Exercise prompt =
Return every line from the one with "سینک ظرفشویی کن" through the one with "Шатурной | ||", inclusive, exactly as it appears below.

Data to use =

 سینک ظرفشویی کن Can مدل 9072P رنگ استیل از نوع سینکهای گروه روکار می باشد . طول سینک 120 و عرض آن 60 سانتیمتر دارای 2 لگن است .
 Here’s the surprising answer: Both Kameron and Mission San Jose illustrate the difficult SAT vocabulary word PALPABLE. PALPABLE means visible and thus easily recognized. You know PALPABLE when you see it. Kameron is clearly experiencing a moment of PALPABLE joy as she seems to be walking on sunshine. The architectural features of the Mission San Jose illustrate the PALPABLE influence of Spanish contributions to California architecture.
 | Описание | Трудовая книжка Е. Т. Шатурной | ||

...

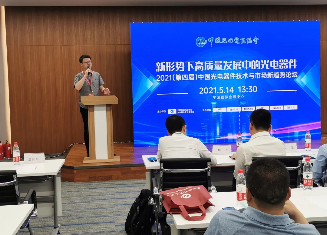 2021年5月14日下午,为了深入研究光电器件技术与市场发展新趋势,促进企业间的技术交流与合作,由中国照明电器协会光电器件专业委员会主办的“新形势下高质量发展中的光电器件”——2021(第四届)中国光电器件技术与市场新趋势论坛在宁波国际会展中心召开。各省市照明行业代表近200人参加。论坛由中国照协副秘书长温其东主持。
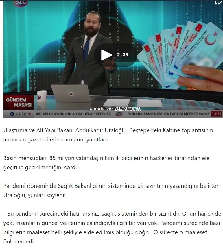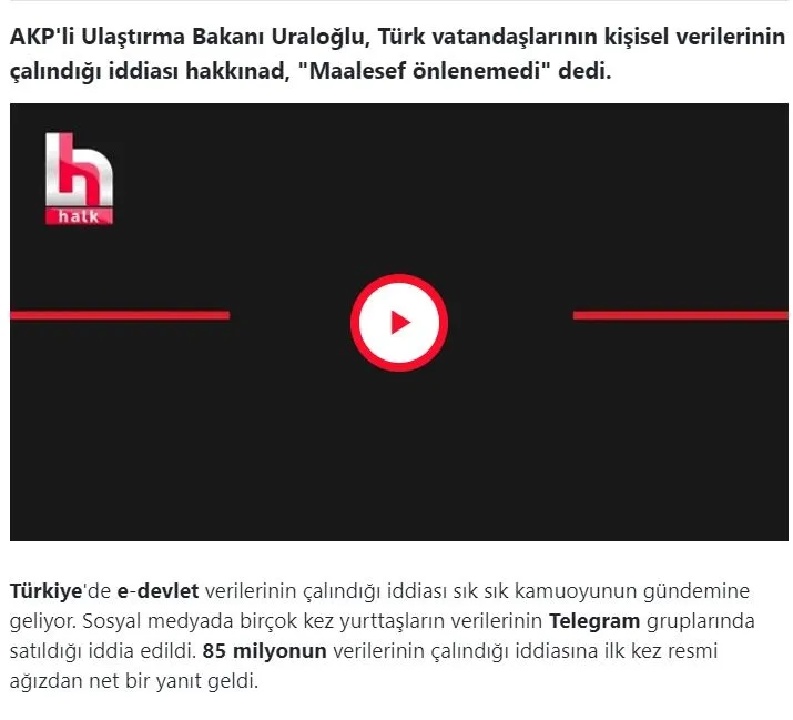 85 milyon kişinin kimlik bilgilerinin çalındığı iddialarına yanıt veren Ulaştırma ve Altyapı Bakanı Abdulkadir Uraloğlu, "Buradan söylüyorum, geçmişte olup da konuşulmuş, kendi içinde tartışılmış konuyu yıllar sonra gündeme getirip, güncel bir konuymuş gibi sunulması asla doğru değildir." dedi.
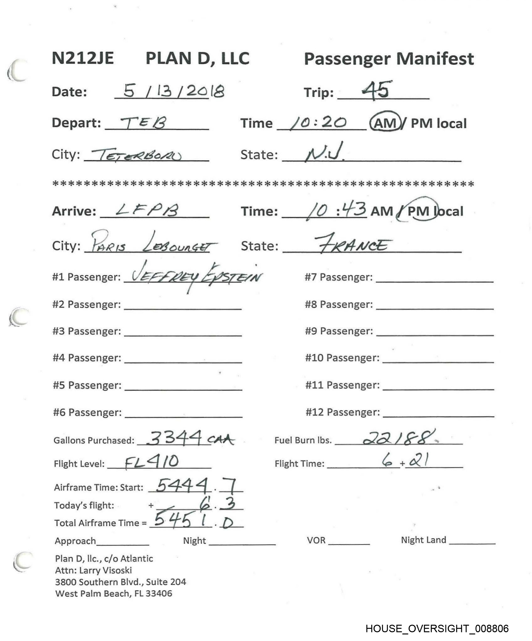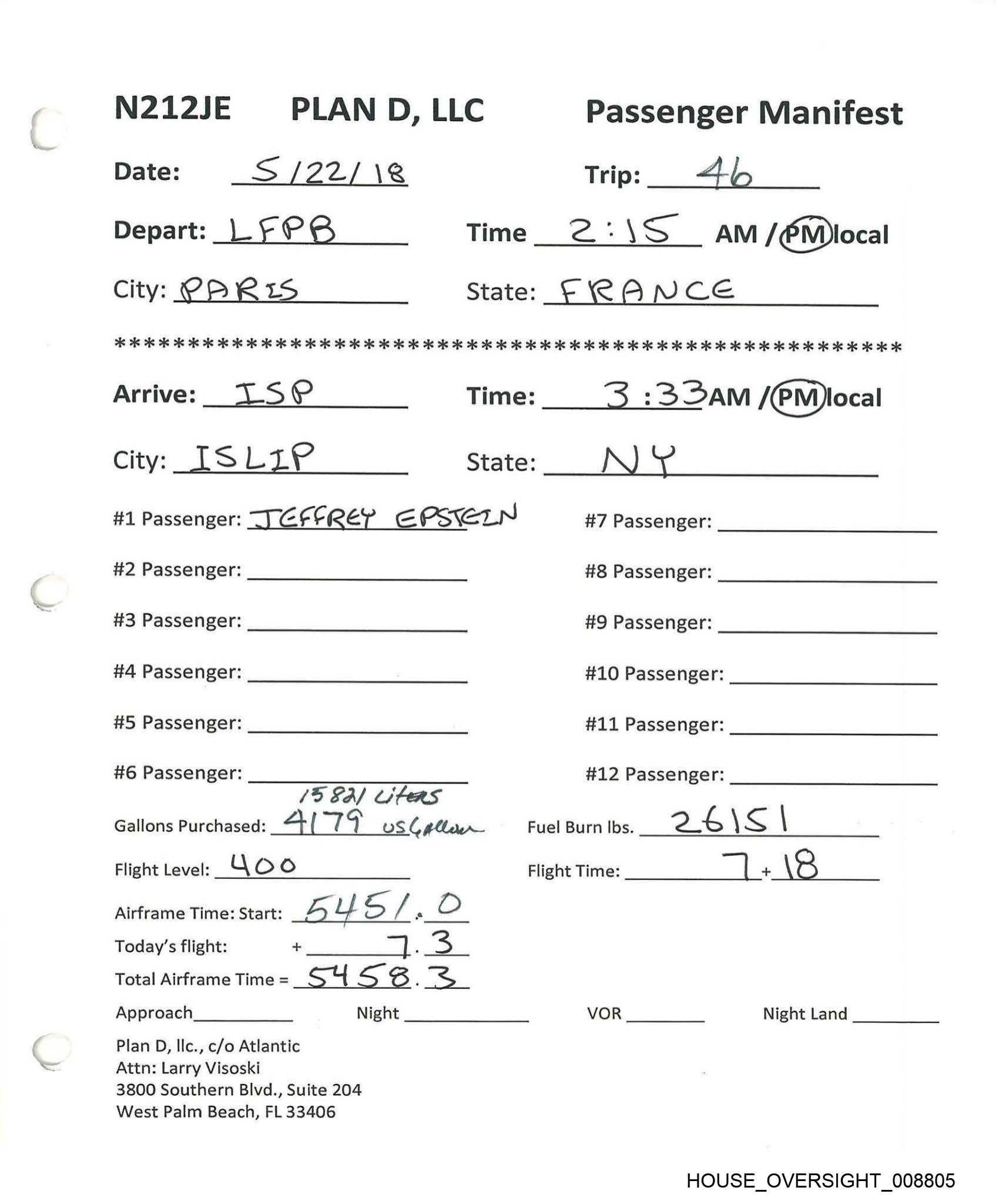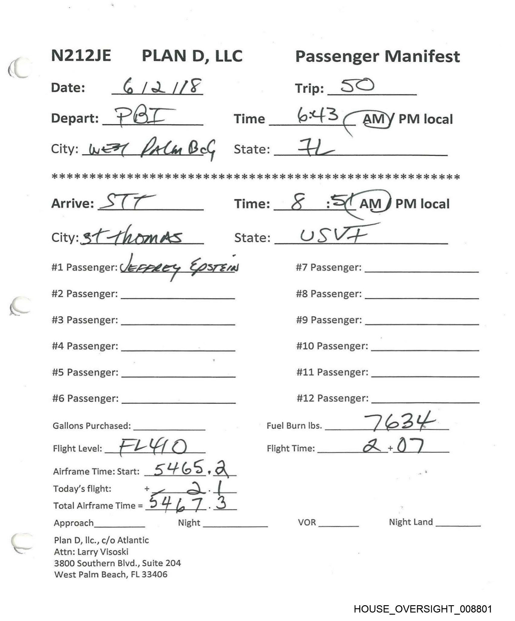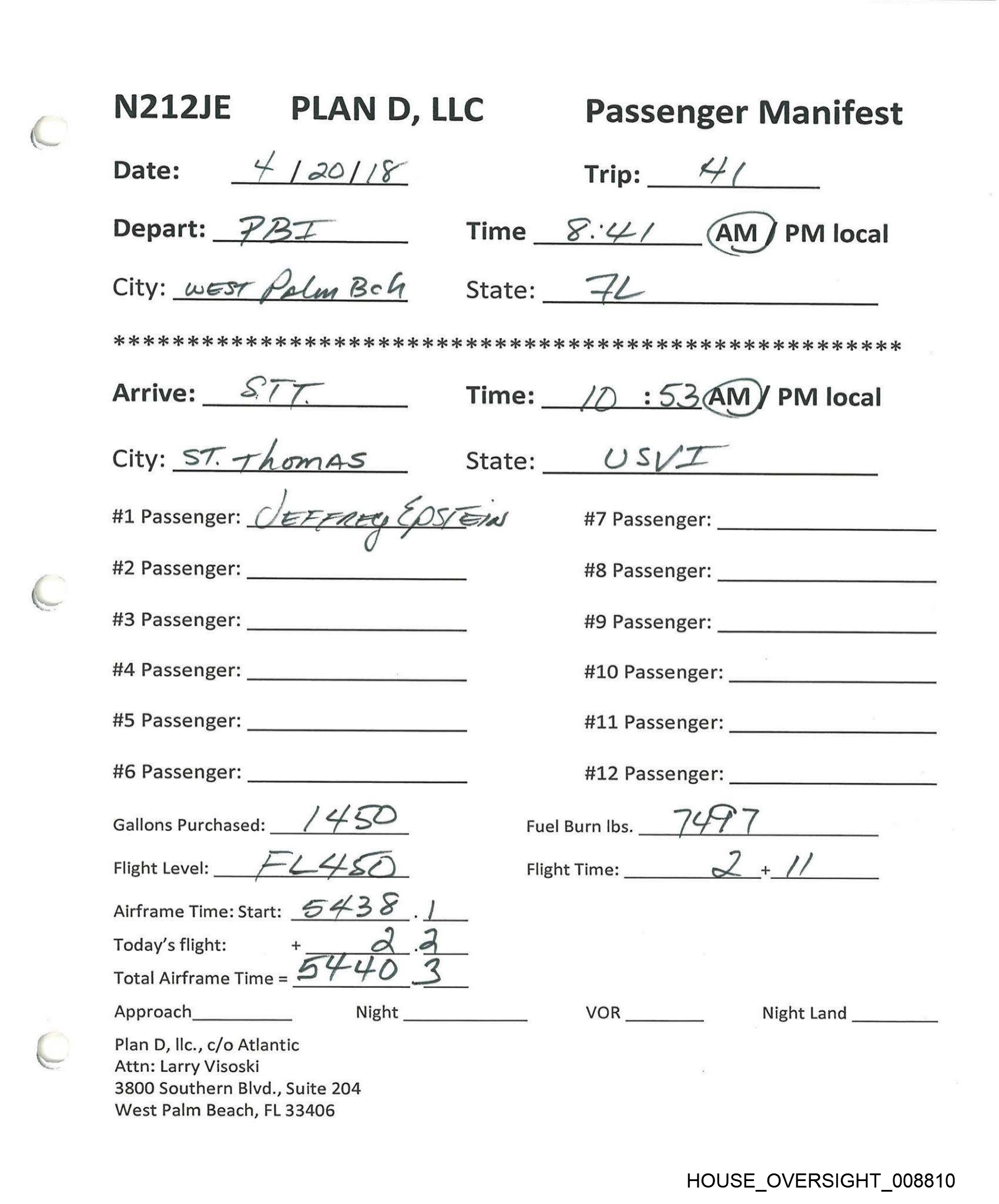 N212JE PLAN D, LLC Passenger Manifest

* * *

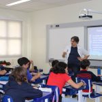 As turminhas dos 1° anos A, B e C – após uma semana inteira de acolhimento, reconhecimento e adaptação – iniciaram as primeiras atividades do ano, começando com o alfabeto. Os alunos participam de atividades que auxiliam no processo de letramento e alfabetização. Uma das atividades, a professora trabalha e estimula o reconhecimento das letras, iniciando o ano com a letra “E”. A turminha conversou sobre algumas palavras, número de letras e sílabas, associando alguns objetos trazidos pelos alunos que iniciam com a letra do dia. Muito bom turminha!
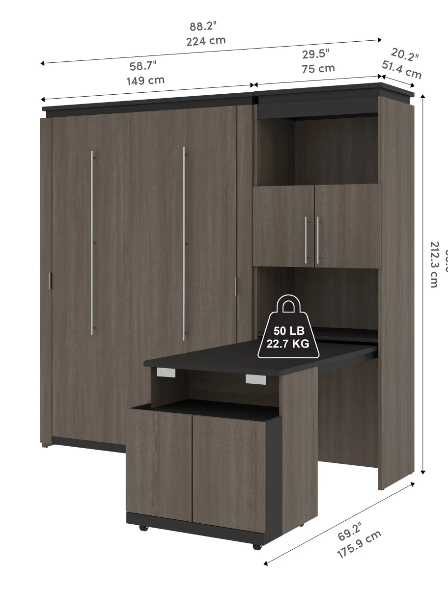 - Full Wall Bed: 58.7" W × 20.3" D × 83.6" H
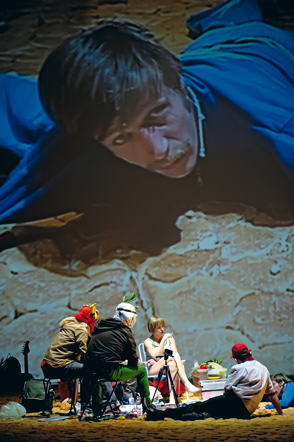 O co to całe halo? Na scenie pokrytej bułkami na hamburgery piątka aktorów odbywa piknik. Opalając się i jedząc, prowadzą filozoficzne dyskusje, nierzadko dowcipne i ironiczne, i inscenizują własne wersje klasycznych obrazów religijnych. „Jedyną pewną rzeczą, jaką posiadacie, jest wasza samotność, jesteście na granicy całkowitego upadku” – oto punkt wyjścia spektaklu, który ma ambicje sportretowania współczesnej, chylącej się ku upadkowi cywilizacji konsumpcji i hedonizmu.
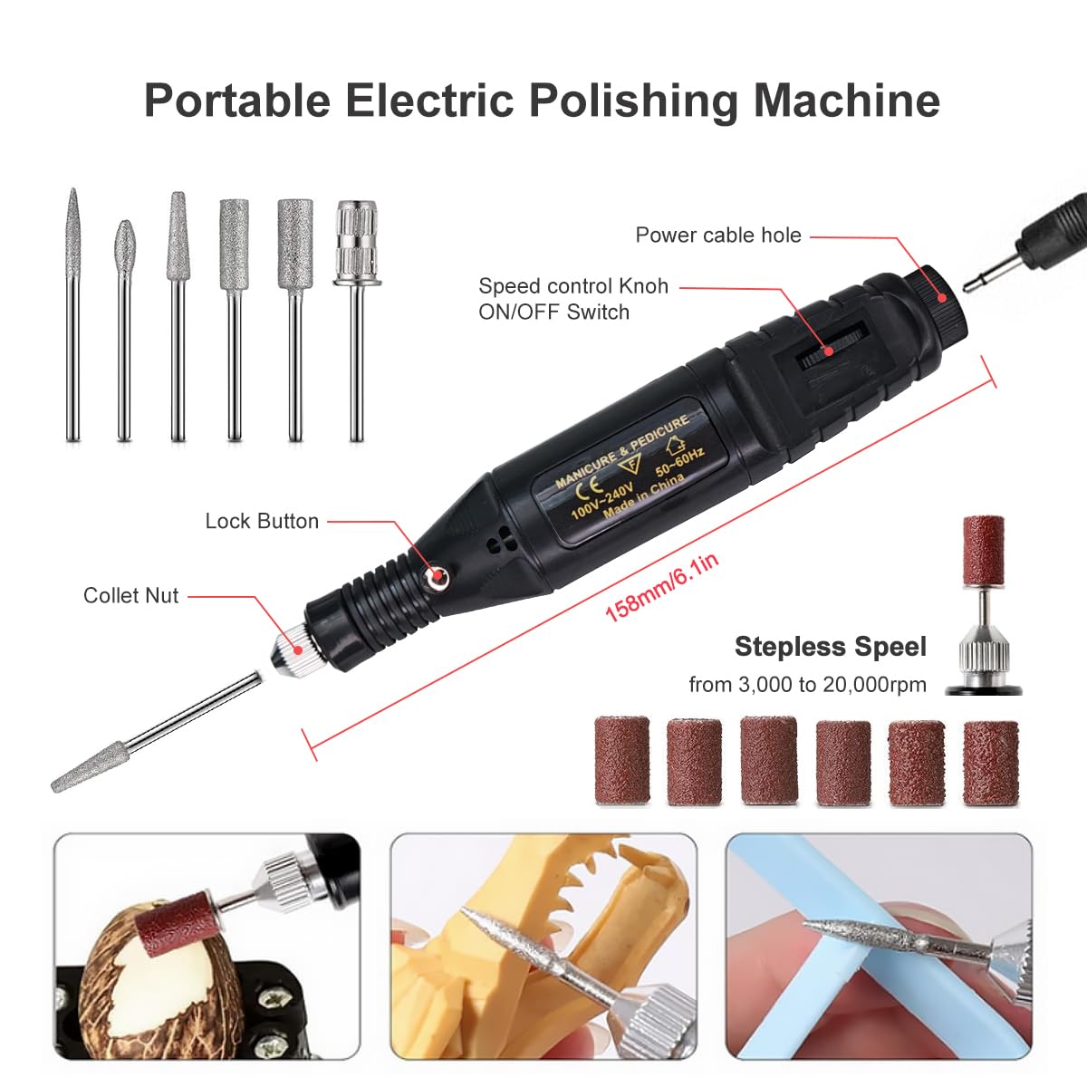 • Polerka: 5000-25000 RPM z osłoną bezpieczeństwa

The completed task =
 سینک ظرفشویی کن Can مدل 9072P رنگ استیل از نوع سینکهای گروه روکار می باشد . طول سینک 120 و عرض آن 60 سانتیمتر دارای 2 لگن است .
 Here’s the surprising answer: Both Kameron and Mission San Jose illustrate the difficult SAT vocabulary word PALPABLE. PALPABLE means visible and thus easily recognized. You know PALPABLE when you see it. Kameron is clearly experiencing a moment of PALPABLE joy as she seems to be walking on sunshine. The architectural features of the Mission San Jose illustrate the PALPABLE influence of Spanish contributions to California architecture.
 | Описание | Трудовая книжка Е. Т. Шатурной | ||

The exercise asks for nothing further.